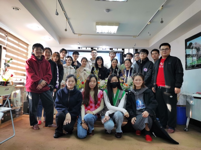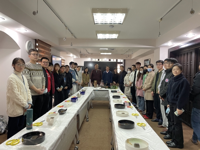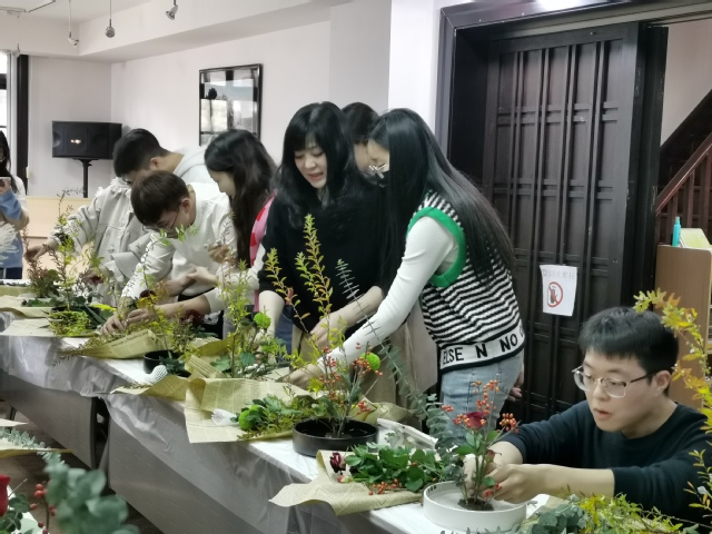 最后指导老师做点评,拍照留念。谭芳其表示,花道是一种集修身、社交、技艺等多个文化领域于一身的艺术,集中反映了人的自然观念、美育意识和伦理观念,对了解日本文化有很大的帮助。 此次活动使大家对插花艺术有了更多了解,在实践过程中提高了审美能力,陶冶了情操,增强了对国际文化的了解。
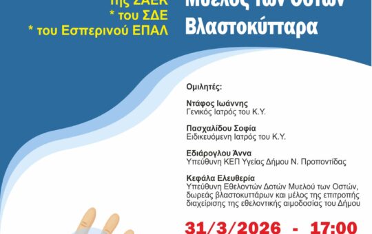 BREAKING ΤΟΠΙΚΑ Ενημερωτική Ομιλία για την Αιμοδοσία, τον μυελό των οστών και τη δωρεά βλαστοκυττάρων 24/03/2026
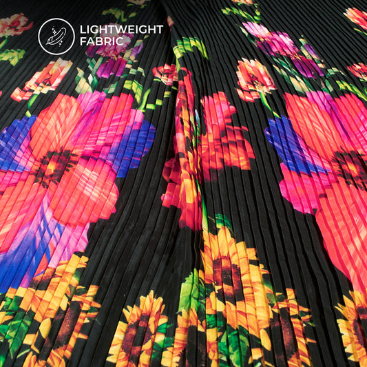 -7% offAttractive Black Floral Pleated Digital Print Crepe Satin Fabric Attractive Black Floral Pleated Digital Print Crepe Satin Fabric
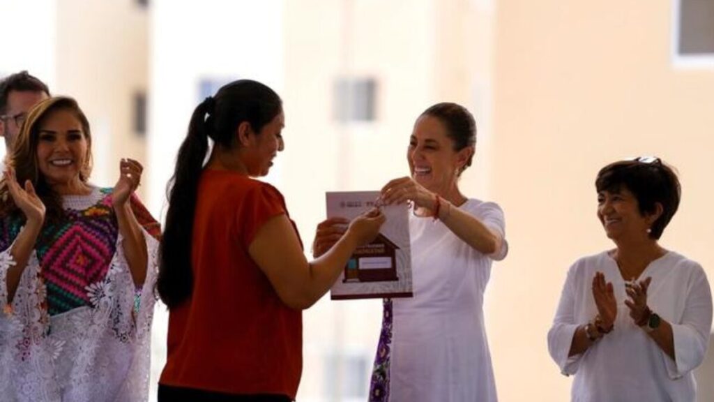 En Playa del Carmen, Quintana Roo, la Presidenta Claudia Sheinbaum Pardo encabezó la entrega de 225 viviendas nuevas del Instituto del Fondo Nacional de la Vivienda para los Trabajadores (Infonavit), como parte del programa Vivienda para el Bienestar, además de 497 liberaciones de hipoteca del Fondo de Vivienda del Instituto de Seguridad y Servicios Sociales (Fovissste) y 193 escrituras del Instituto Nacional del Suelo Sustentable (INSUS).

__How to complete this task__: Print the material above word for word, first line through the line with "-7% offAttractive Black", and leave every picture out.

__Written reply__:
 最后指导老师做点评,拍照留念。谭芳其表示,花道是一种集修身、社交、技艺等多个文化领域于一身的艺术,集中反映了人的自然观念、美育意识和伦理观念,对了解日本文化有很大的帮助。 此次活动使大家对插花艺术有了更多了解,在实践过程中提高了审美能力,陶冶了情操,增强了对国际文化的了解。
 BREAKING ΤΟΠΙΚΑ Ενημερωτική Ομιλία για την Αιμοδοσία, τον μυελό των οστών και τη δωρεά βλαστοκυττάρων 24/03/2026
 -7% offAttractive Black Floral Pleated Digital Print Crepe Satin Fabric Attractive Black Floral Pleated Digital Print Crepe Satin Fabric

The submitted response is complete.